Des animations sont régulièrement organisées dans le parc. Photo : Instituto e Parque Sitiê.

"La fréquentation touristique augmente, preuve que l’image du quartier a changé"

Pedro Henrique de Cristo, 33 ans, est originaire du nord-est du Brésil. Il s’est installé à Vidigal en 2013.

L'initiative des habitants de Vidigal m'a impressionné. Je souhaitais leur permettre de développer le projet. Après plusieurs discussions, nous avons travaillé ensemble.

Avec une équipe d'architectes et urbanistes et grâce au financement de fondations privées, nous avons renforcé le côté "écolo" du parc en installant des systèmes de récupération des eaux usées pour subvenir aux besoins en eau des plantations et aménagé d'autres potagers. [Au total, le projet a coûté près de 18 200 euros, financé par la société d'architecture ArqFuturo, l'Insitut PDR, œuvrant pour le développement social, et la Fondation Getúlio Vargas, NDLR].
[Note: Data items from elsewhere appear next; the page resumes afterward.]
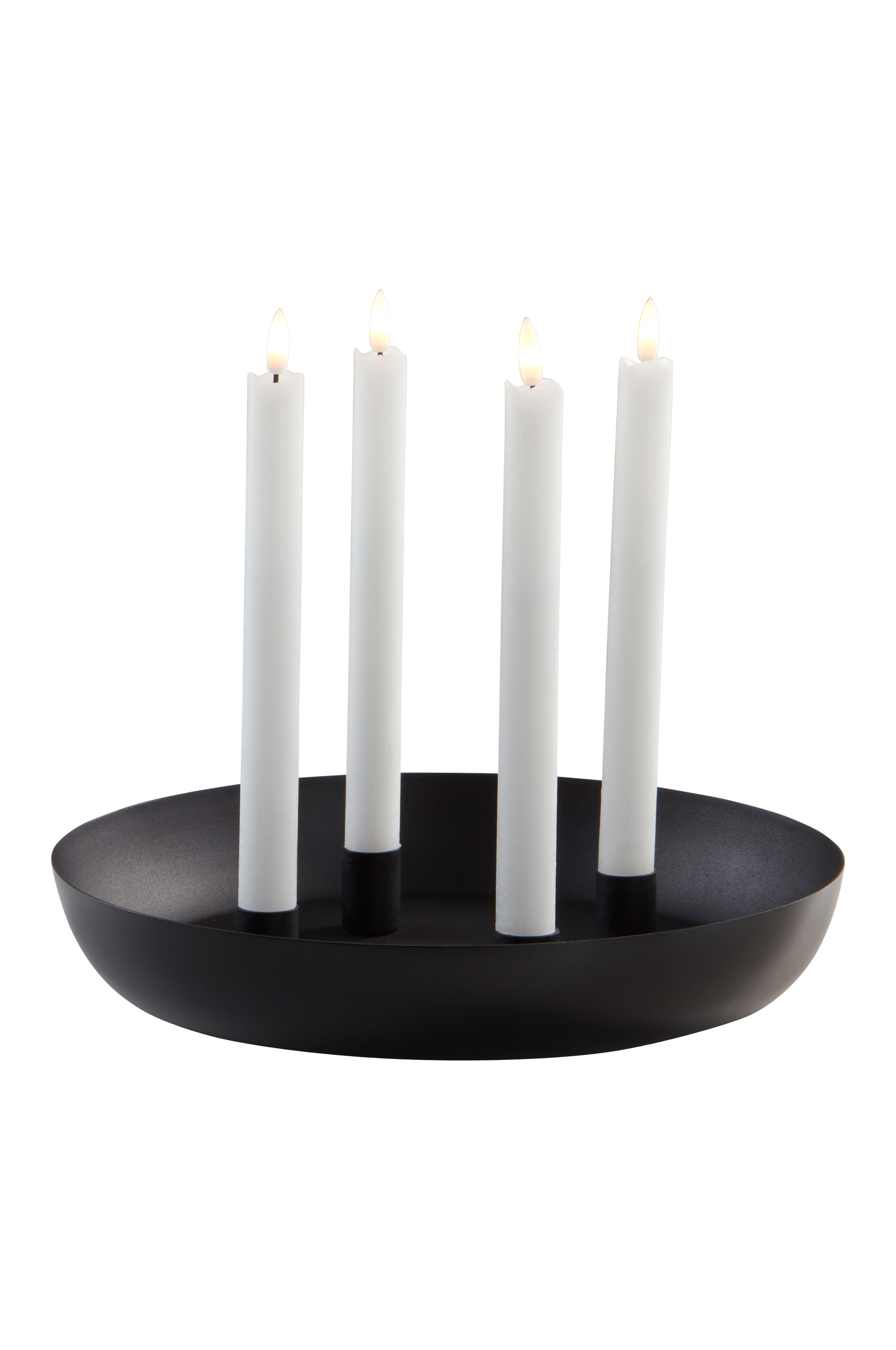 Rautainen kynttelikkö, jossa pidike neljälle steariinikynttilälle. Neljä kynttilänpidikettä ovat pyöreällä vadilla, joka on kaunis sellaisenaan tai vaikka pienillä pyöreillä kivillä täytettynä. Huomioi paloturvallisuus valitessasi vadille koristeita. Kynttelikössä on mattapinta. Kynttilät eivät sisälly toimitukseen.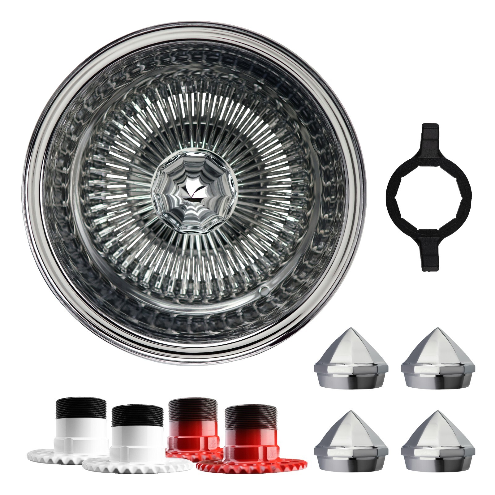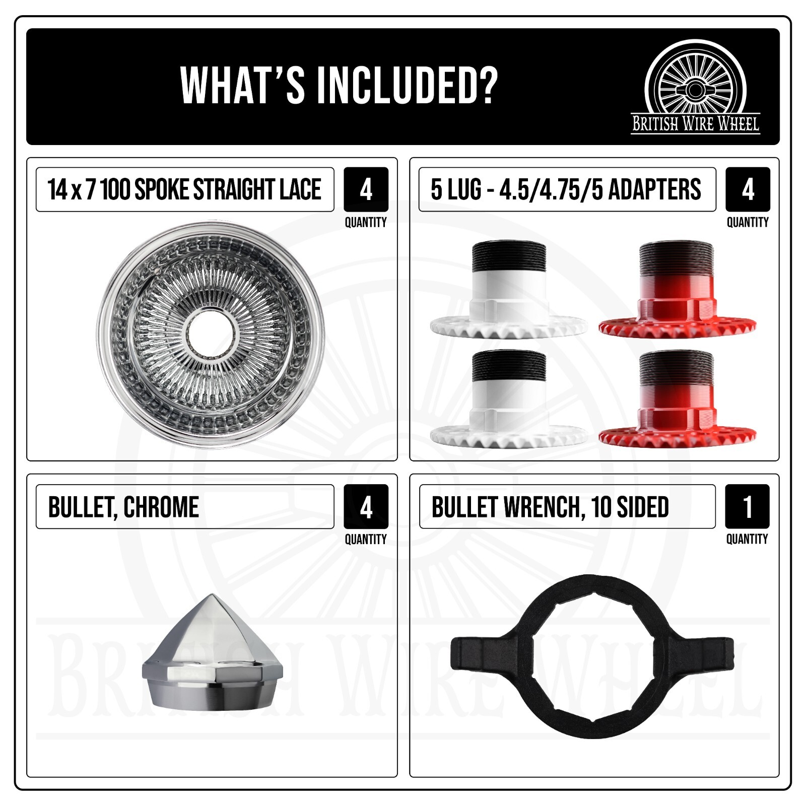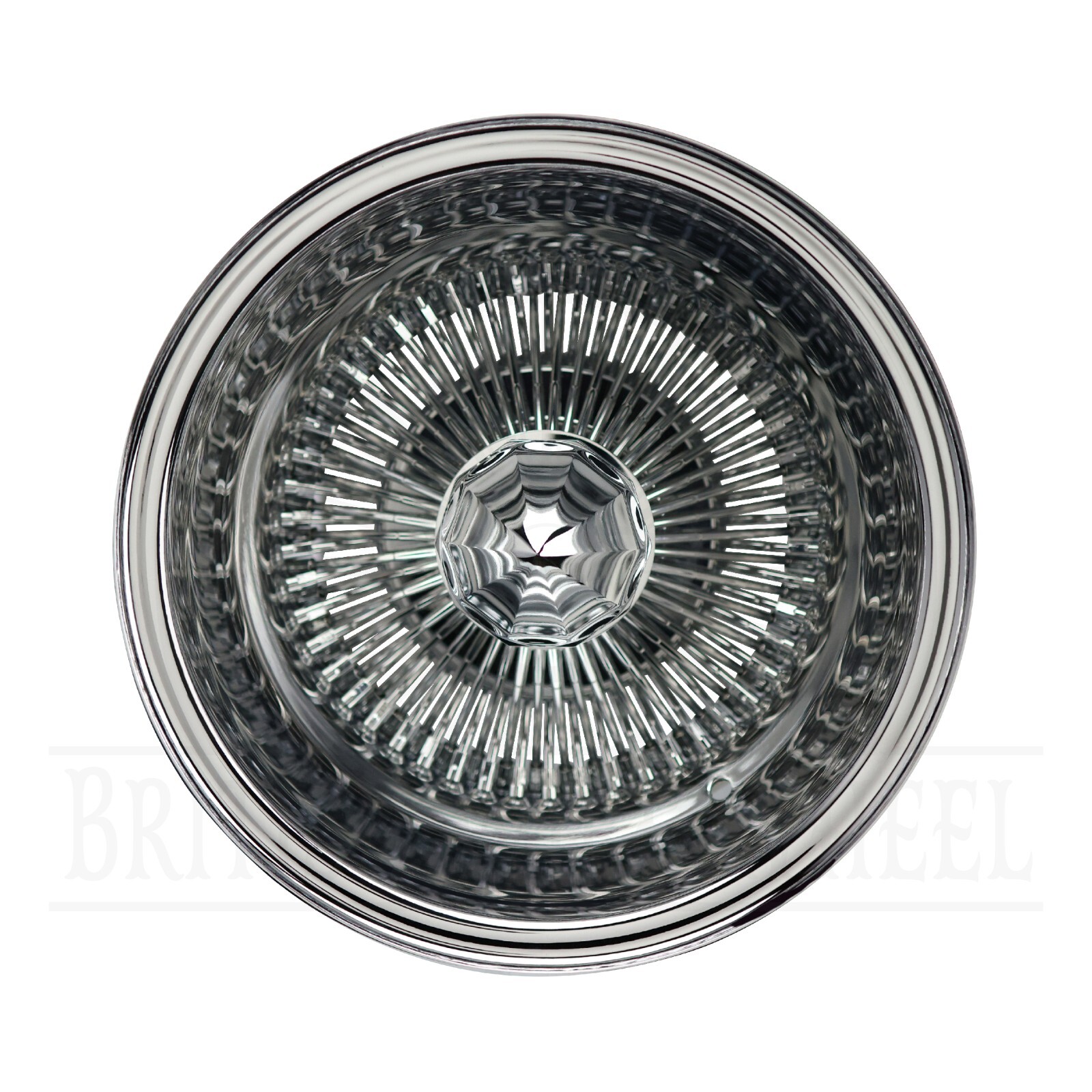 Introducing British Wire Wheel’s 14 x 7 Reverse 100 Spoke Straight Lace Wire Wheels with 10-sided Bullet/Diamond Spinner Caps. The wheels and knockoffs are triple chrome plated, providing a durable and stunning mirror-like finish. Designed to fit a wide range of vehicles, these wire wheels are a versatile choice for lowriders and classic car enthusiasts seeking a perfect blend of style and functionality.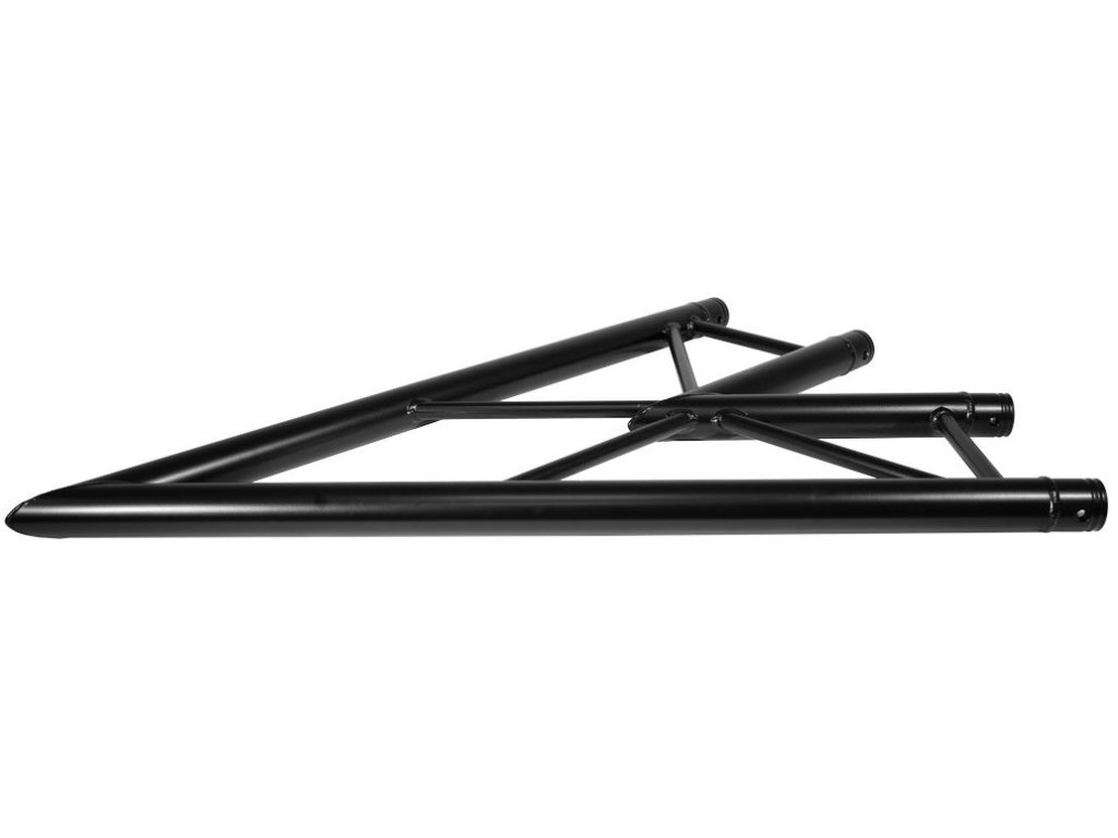 Narożny element konstrukcyjny do budowy słupów i podiów oraz do zawieszania instalacji oświetleniowych lub dźwiękowych. Element z serii DT 32-2 składa się z dwóch łączących się prętów o średnicy 50 mm i grubości ścianek 2 mm. Pręty podtrzymujące mają średnicę 20 mm i grubość ścianek 2 mm. Konstrukcja wykonana jest ze stopu AlMgSi1, dzięki czemu każdy z elementów serii DT 32-2 zachowuje niską wagę i wysoką wytrzymałość. Element jest wyposażony w końcówki do zasilania kolejnych elementów. Kąt nachylenia: 45° poziomo. Wymiary: 1000 x 1000 x 50 mm, waga: 3,3 kg. Kolor czarny.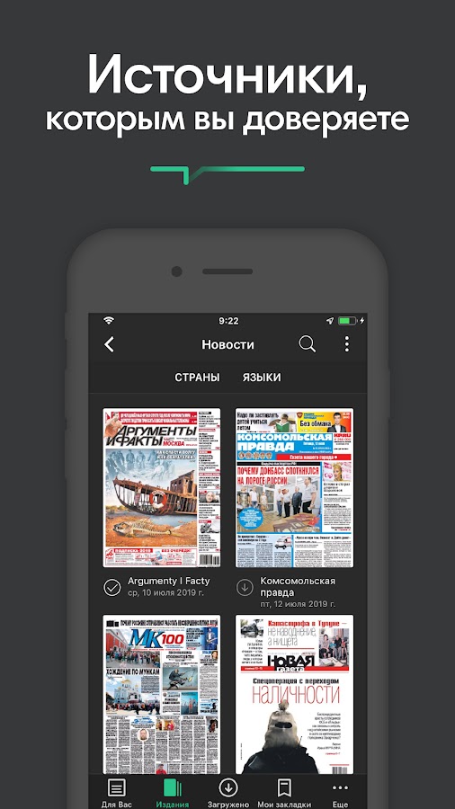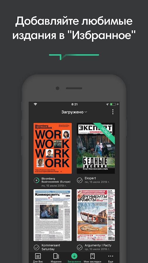 Загружайте полные выпуски изданий для чтения без подключения к интернету или чтобы не расходовать свою квоту мобильных данных. Установите избранные издания на автоматическую загрузку чтобы ничего не пропустить.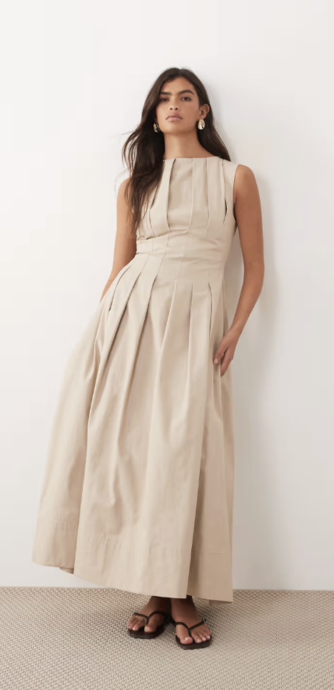 ARRANGE cinched waist pleated maxi dress in stone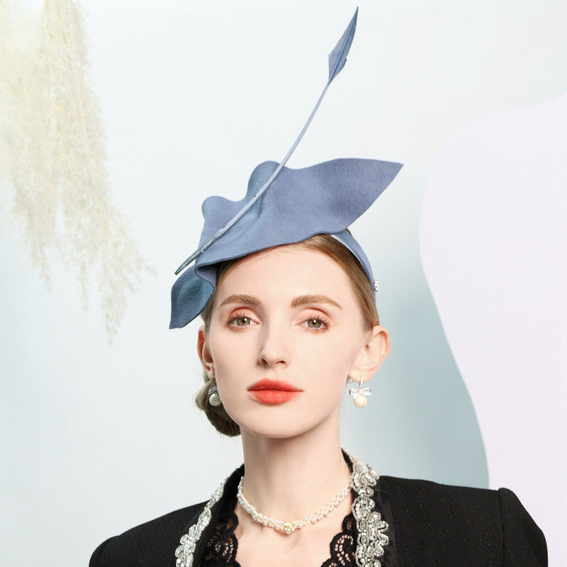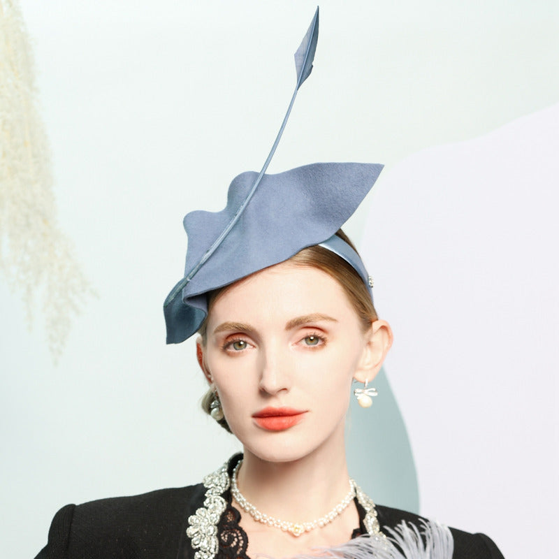 Enhance your formal look with this exquisite fascinator. Crafted from a smooth wool or wool – blend felt, it showcases a solid blue – gray color that exudes elegance. The single, matching feather accent adds a touch of sophistication, making it a perfect statement piece for high – end events.

Nous avons également décoré l'espace avec toutes sortes d'objets de récupération.

"Les habitants cultivent les potagers et s’y approvisionnent, ça a donc permis d’améliorer leur quotidien"

Mais l'objectif était surtout d'intégrer ce parc au reste de la ville pour désenclaver la favela : nous avons dessiné de nouveaux chemins de promenade permettant notamment de relier la favela aux autres quartiers. C'est désormais un espace public ouvert à tous, où ont été installés des bancs et des jeux. Cette réappropriation a notamment permis d'écarter les trafiquants de drogue, qui occupaient le parc.

Quand je suis arrivé, le parc faisait 1 100 m2. En deux ans, il est passé à 8 500 m2 ! La fréquentation touristique augmente, preuve que l’image du quartier a changé. Nous avons également ouvert l’Institut Sitiê pour gérer le parc et organiser des événements autour de la protection de l’environnement.

Les habitants de la favela restent les premiers bénéficiaires du projet : ils cultivent les potagers et s’y approvisionnent, ça a donc permis d’améliorer leur quotidien. De même pour les fleurs, qui sont cueillies et vendues par des femmes du quartier. Le modèle a séduit d’autres pays. Je travaille actuellement sur un projet similaire en Afrique du Sud.